**DATA FOR PROCESSING:**
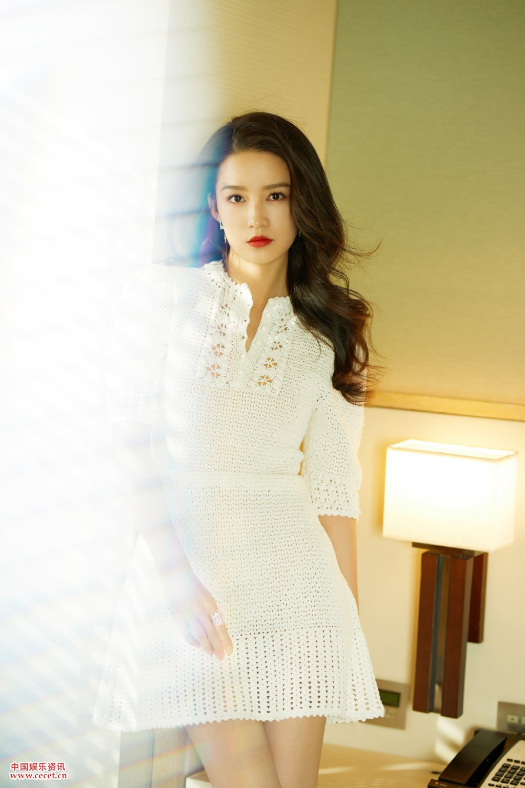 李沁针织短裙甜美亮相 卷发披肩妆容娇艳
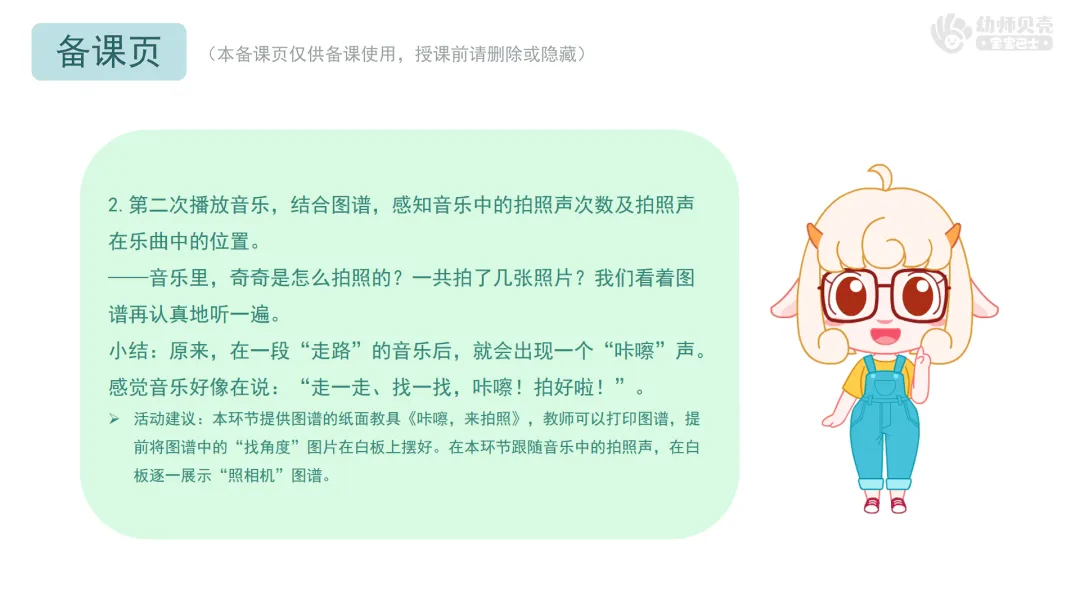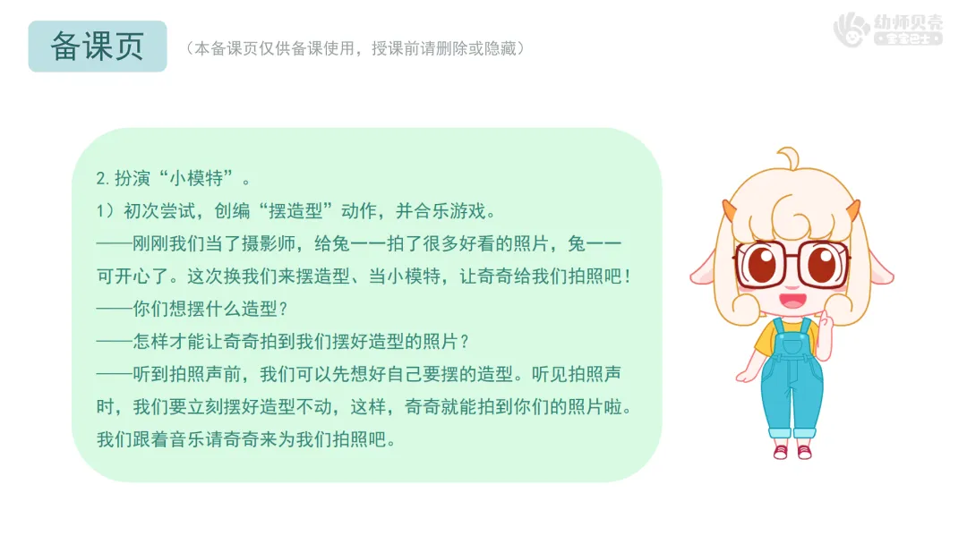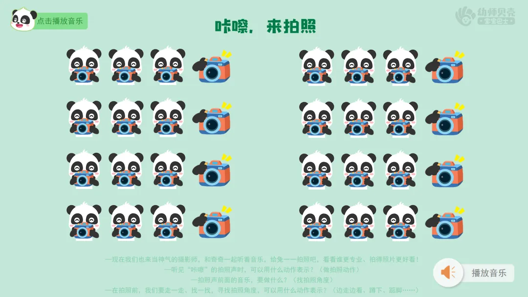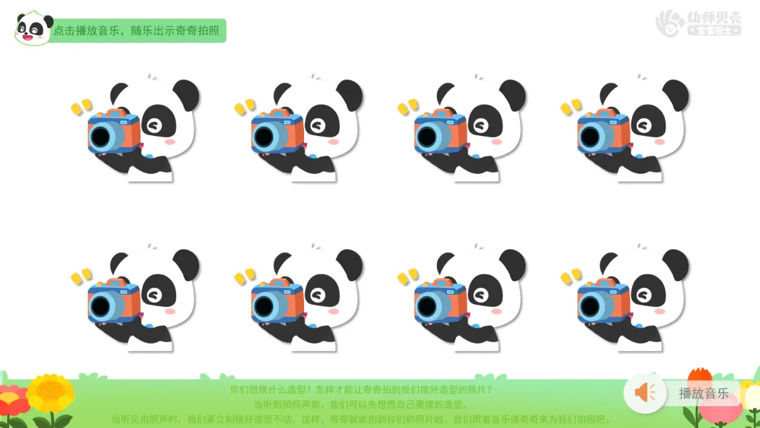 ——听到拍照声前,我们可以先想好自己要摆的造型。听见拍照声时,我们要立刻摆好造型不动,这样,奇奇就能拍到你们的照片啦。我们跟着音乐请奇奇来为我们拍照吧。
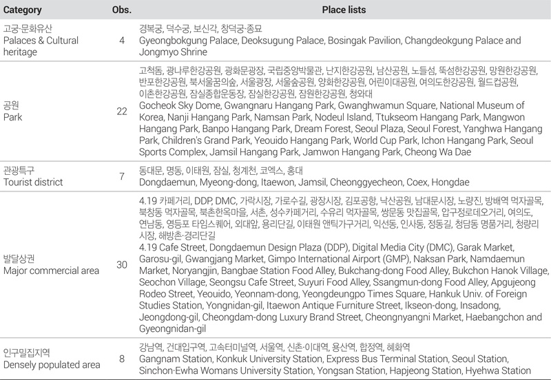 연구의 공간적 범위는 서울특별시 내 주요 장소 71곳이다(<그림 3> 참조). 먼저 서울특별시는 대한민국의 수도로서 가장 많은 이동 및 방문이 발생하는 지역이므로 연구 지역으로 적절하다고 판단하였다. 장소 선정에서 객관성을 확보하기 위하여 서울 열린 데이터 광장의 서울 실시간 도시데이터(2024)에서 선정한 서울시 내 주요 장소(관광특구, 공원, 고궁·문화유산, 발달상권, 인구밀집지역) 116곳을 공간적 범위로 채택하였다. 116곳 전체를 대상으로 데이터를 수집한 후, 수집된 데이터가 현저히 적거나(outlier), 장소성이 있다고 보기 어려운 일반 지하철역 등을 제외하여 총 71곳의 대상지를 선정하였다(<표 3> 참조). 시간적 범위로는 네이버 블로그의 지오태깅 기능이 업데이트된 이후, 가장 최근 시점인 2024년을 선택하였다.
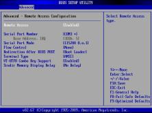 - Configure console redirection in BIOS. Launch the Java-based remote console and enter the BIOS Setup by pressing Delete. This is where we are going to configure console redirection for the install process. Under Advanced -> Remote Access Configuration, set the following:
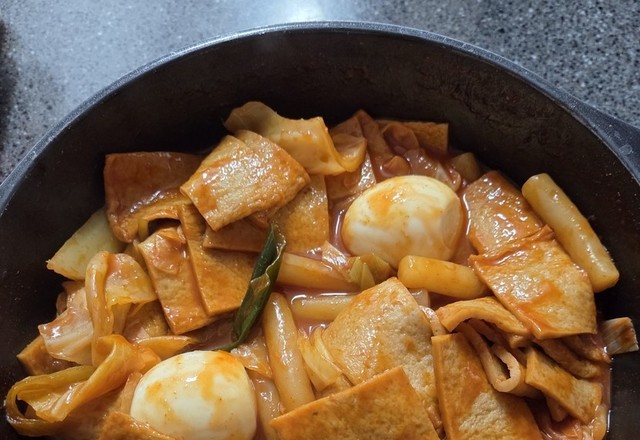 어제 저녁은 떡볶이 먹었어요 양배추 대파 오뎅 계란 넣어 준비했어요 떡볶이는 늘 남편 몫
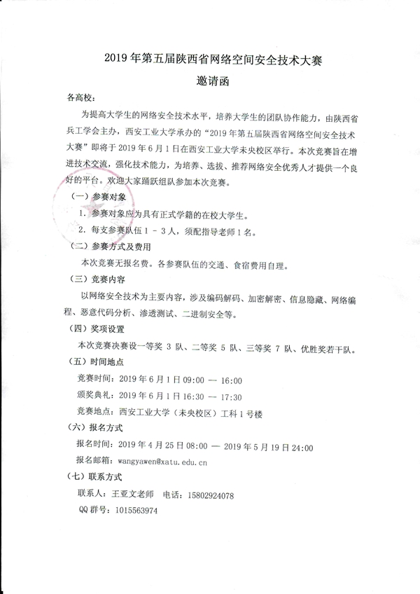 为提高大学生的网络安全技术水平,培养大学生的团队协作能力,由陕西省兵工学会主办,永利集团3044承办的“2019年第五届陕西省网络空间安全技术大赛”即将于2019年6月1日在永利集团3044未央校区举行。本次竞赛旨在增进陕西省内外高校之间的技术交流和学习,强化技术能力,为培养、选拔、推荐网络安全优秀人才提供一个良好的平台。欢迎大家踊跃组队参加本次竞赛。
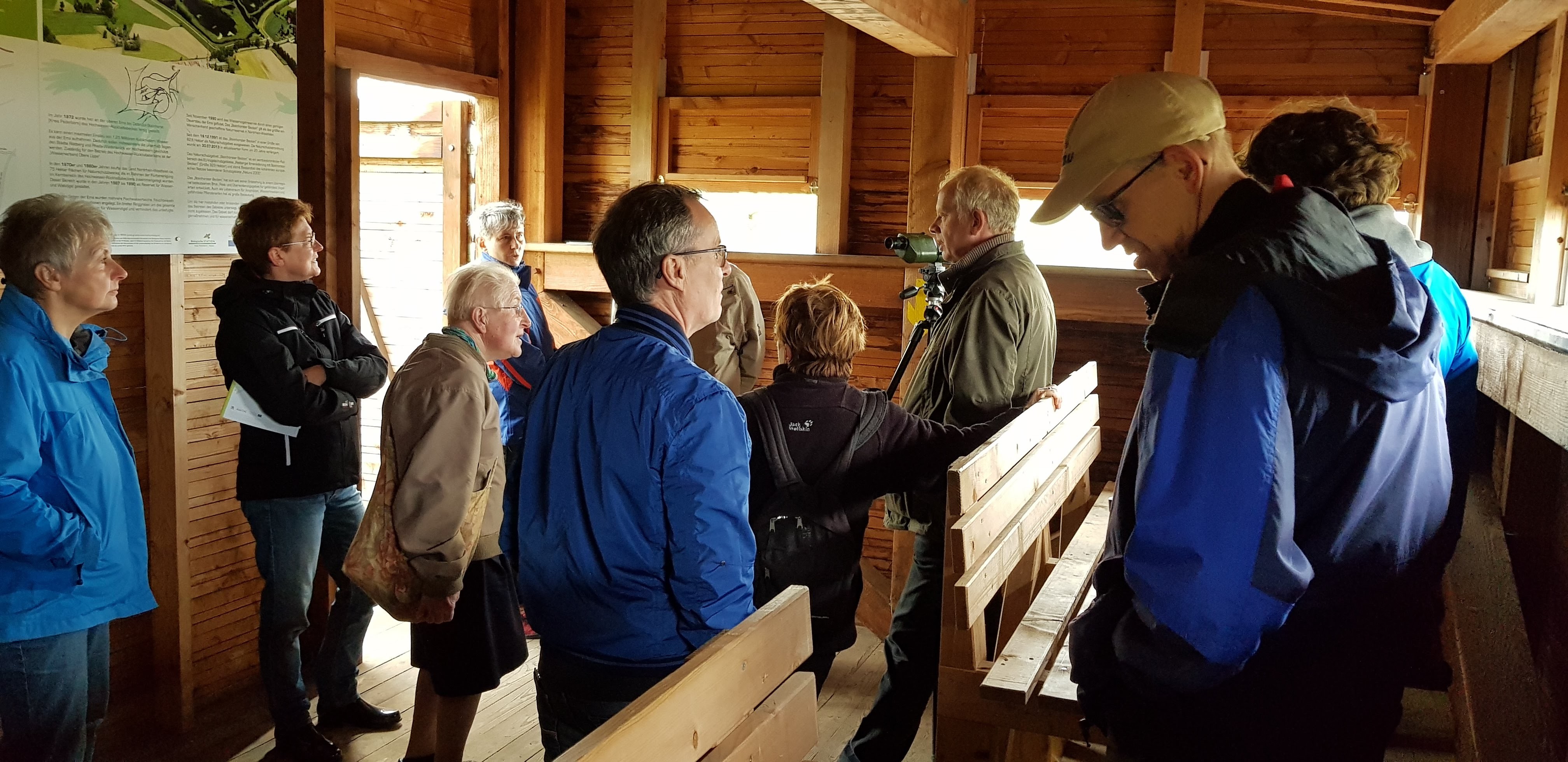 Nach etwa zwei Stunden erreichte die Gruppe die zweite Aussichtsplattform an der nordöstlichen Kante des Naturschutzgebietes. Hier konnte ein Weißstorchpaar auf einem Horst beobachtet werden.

**TASK DESCRIPTION:** Transcribe exactly the lines that go from the one holding "为提高大学生的网络安全技术水" through the last line of the entries, both included, and nothing besides them. Do not include any pictures.

**ANSWER SECTION:**
 为提高大学生的网络安全技术水平,培养大学生的团队协作能力,由陕西省兵工学会主办,永利集团3044承办的“2019年第五届陕西省网络空间安全技术大赛”即将于2019年6月1日在永利集团3044未央校区举行。本次竞赛旨在增进陕西省内外高校之间的技术交流和学习,强化技术能力,为培养、选拔、推荐网络安全优秀人才提供一个良好的平台。欢迎大家踊跃组队参加本次竞赛。
 Nach etwa zwei Stunden erreichte die Gruppe die zweite Aussichtsplattform an der nordöstlichen Kante des Naturschutzgebietes. Hier konnte ein Weißstorchpaar auf einem Horst beobachtet werden.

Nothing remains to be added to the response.